What has been learnt from the analysis of the low-energy pion-nucleon data during the past three decades?

TL;DR

This paper reviews three decades of low-energy pion-nucleon scattering data analysis, highlighting discrepancies related to isospin invariance and electromagnetic corrections, and emphasizes the need for a unified correction scheme to resolve these issues.

Contribution

It underscores the importance of developing a unified electromagnetic correction scheme applicable at and above the pion-nucleon threshold to address longstanding discrepancies.

Findings

Discrepancies suggest issues with data normalization or electromagnetic corrections.

Residual electromagnetic effects may influence scattering amplitude extractions.

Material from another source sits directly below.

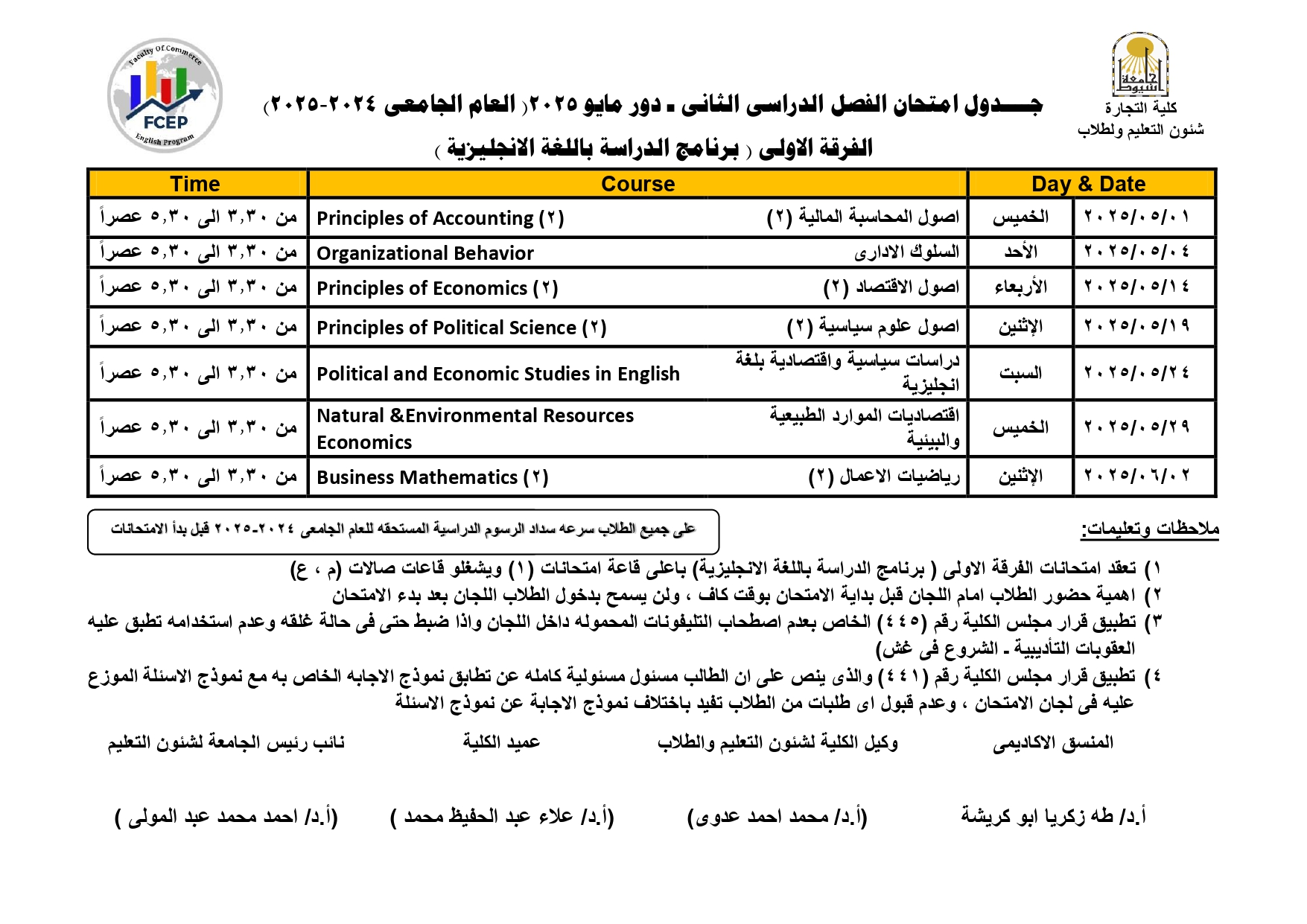 Exam schedule for second semester - May 2025, first year (study program in English)

A unified correction scheme could resolve the low-energy pion-nucleon data inconsistencies.

Abstract

Over twenty-five years ago, two analyses of the pion-nucleon ($\pi N$) data at low energy (i.e., for pion laboratory kinetic energy $T \leq 100$ MeV) reported on the departure of the extracted scattering amplitudes, corresponding to the two elastic-scattering reactions $\pi^\pm p \to \pi^\pm p$ and to the $\pi^- p$ charge-exchange reaction $\pi^- p \to \pi^0 n$, from the triangle identity, which these amplitudes fulfil if the isospin invariance holds in the hadronic part of the $\pi N$ interaction. This discrepancy indicates that \emph{at least one} of the following assumptions is not valid: first, that the absolute normalisation of the bulk of the low-energy $\pi N$ datasets is correct; second, that any residual contributions to the corrections, which aim at the removal of the effects of electromagnetic (EM) origin from the measurements, are not significant; and third, that the isospin invariance holds in the hadronic part of the $\pi N$ interaction. In view of the incompatibility of the results of the various schemes of removal of the so-called trivial EM effects at the $\pi N$ threshold ($T = 0$ MeV), the likelihood of residual effects of EM origin in the extracted $\pi N$ scattering amplitudes (from the data in the scattering region, i.e., above the $\pi N$ threshold) must be reassessed. This work emphasises the importance of the development of a unified scheme for the determination of reliable EM corrections, \emph{applicable at the $\pi N$ threshold and in the scattering region}, in providing a resolution to the established discrepancy at low energy.